A produção de Batman Ninja começou em 2014, e tinha como premissa a incorporação de elementos técnicos, estéticos e nuances narrativas das animações japonesas, partindo do seguinte princípio: Gorila Grodd está no momento final de um grande experimento. Ele inventou um dispositivo, uma máquina do tempo que irá lançar os criminosos de Gotham para diversos lugares do mundo, em tempos distintos. Na noite em que o plano é executado, uma série de figurões criminosos de Gotham está no lugar, assim como a Batfamília, tentando impedir a loucura do primata-gênio. Claro que a coisa toda dá errado e todos vão parar no Japão, com intervalo de chegada relativamente diferente de um para o outro.
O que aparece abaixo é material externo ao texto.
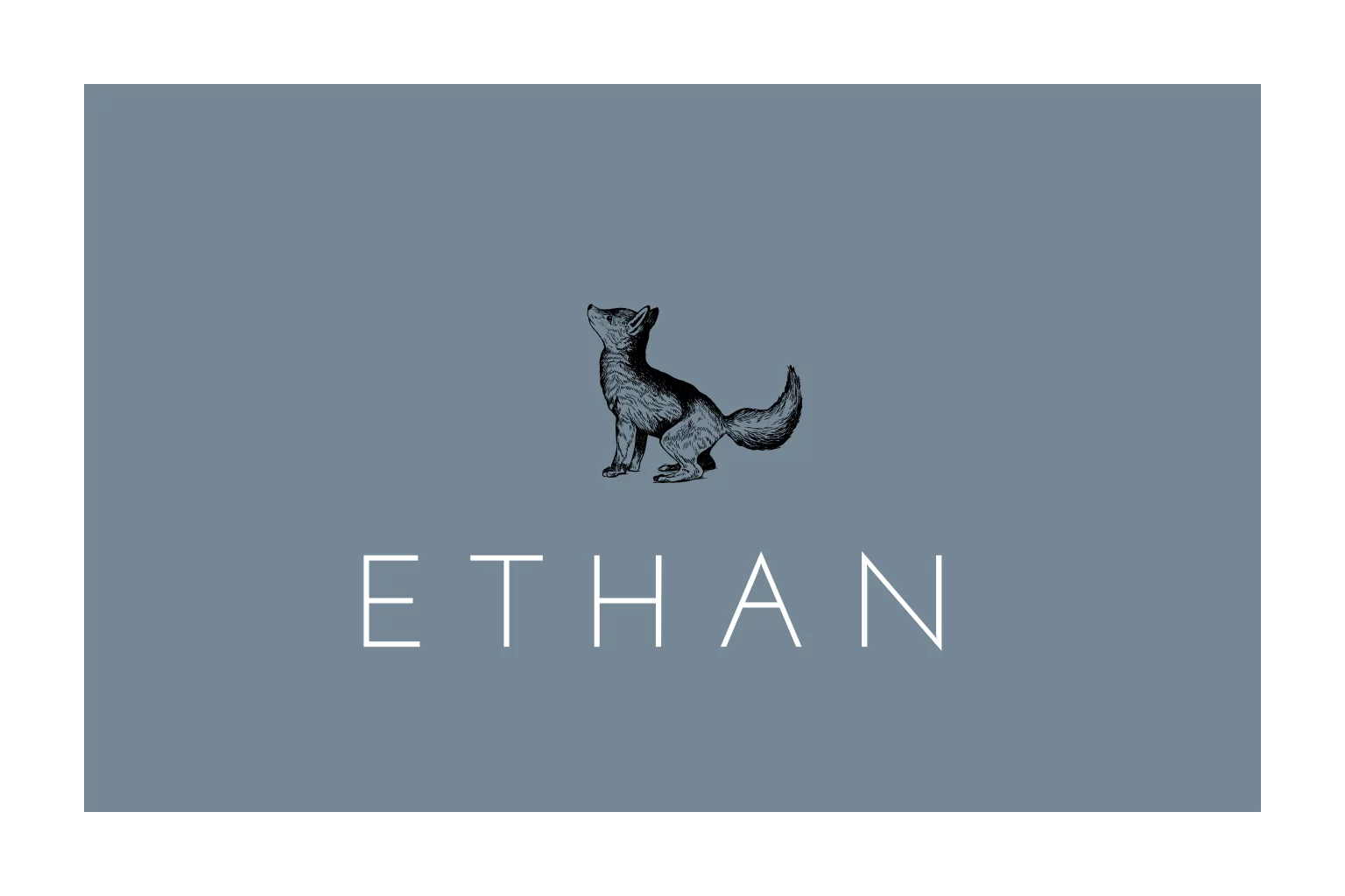 Hip geboortekaartje voor een jongen, met een getekend vosje en minimalistische typografie, op een blauwe achtergrond.

O roteiro aqui é assinado por Kazuki Nakashima (Kill La Kill) e seu trabalho é, no mínimo, insanamente interessante. Em primeiro lugar, destaca-se a forma engenhosa como cria as condições para a viagem no tempo e integra os mais diversos personagens, tanto do lado dos mocinhos, quanto do lado dos bandidos. Escrever um roteiro com muitos personagens conhecidos do público é sempre difícil, porque a cobrança de atuação orgânica para cada um é a primeira necessidade e a primeira coisa que o público vai querer ver. Nos primeiros 35 minutos da animação, Nakashima faz um trabalho praticamente impecável. Suas falhas aí são absolutamente pontuais e sequer arranham negativamente a superfície da obra. Até este ponto, nada que o roteiro nos trouxe parece “fora do lugar”. O uso de narração ocasional a partir de diversos pontos de vista e de diferentes técnicas (o benefício de ter um dos produtores de JoJo’s Bizarre Adventure: Stardust Crusaders na direção é este grande dinamismo de exposição) beneficiam a obra e nos mantém atentos o tempo inteiro. Então vem a apresentação dos clãs em disputa, com territórios dominados por Coringa & Arlequina; Grodd; Duas-Caras; Hera Venenosa, Pinguim e Pistoleiro. E as coisas começam a ficar problemáticas.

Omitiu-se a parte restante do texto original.